For each seller of a good or service there exists a set of suppliers. This is basically “upstream.” Each also has consumers (“downstream”). So the LPW algorithm is simply:
Receive LPW data from upstream.
Compare upstream LPW to local LPW.
Forward downstream the lower of the two.
A few caveats include the exclusion of volunteer labor (for example, open source software) and the marking of whether the given LPW value is direct or indirect.
The tricky part of the algorithm is what the actual LPW data should be. The most obvious, the actual hourly or yearly wage, is faulty because of differences in the living wage. That varies from region to region. An alternative that accounts for this is needed.

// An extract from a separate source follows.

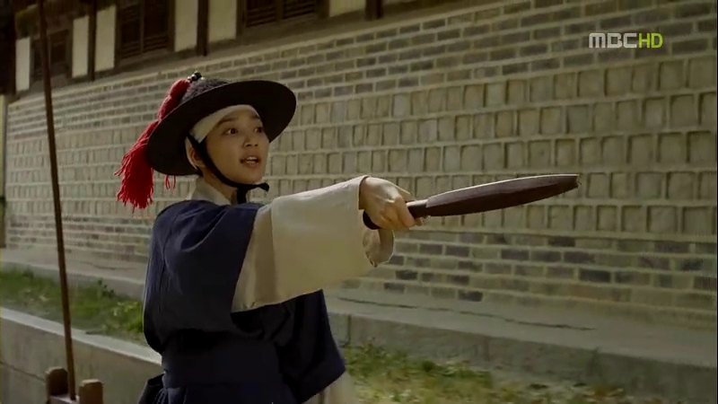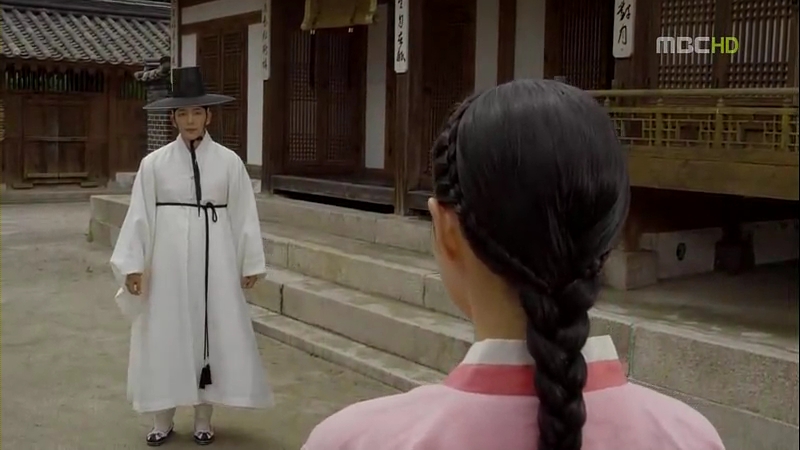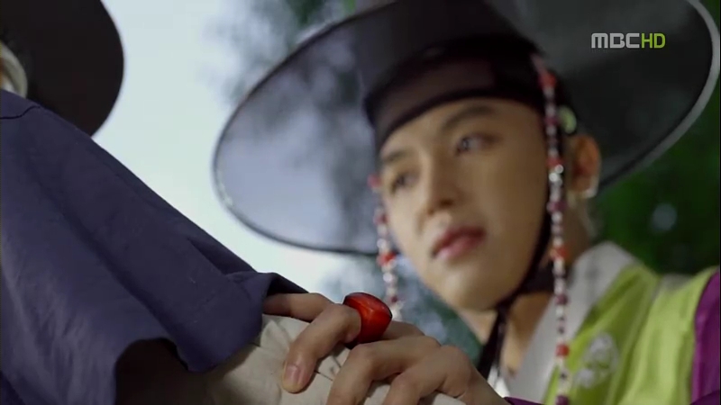 And we have our savior of the day Eun oh, tip-toeing on one foot while smiling at Dol swe. As usual, Dol swe lets out his ‘Young Master~’ squeal. Eun oh challenges the man to fight him and he’s pissed off when the man talks down to him (using informal terms with him). Eun oh warns him that his father, the previous Prime Minister won’t stand still if he’s killed,and even if that man has Lord Choi’s backing, he’ll be killed, not Lord Choi. The man retreats and leaves, but Eun oh stops him, telling him to bow to him. That man obeys, bows to him, and leaves.

So the second choice would be something like the percentile of the worker. This may be more effective in most cases, but it could still fail in cases where there is a large majority of impoverished workers. It also requires significant research on the region.
There may be others, requiring more or less effort to discover, and more and less accurate. The hard part is figuring out the most readily understandable and available value to use.
Now, you may or may not be wondering why this data should be published at all. The idea is simple: given the choice between two otherwise-indistinguishable goods or services (same in price, quality, etc.), one could decide to choose based on which either directly or indirectly pays their workers better.
Again, if possible it will show the difference from a living wage, so that wages aren’t necessarily inflated when workers are fairly compensated.
As a closing note, I’ll simply point out that the MPW (Most-paid Worker) could also be included just as easily.
What do you think? Could simple information, when propagated, solve wage inequality?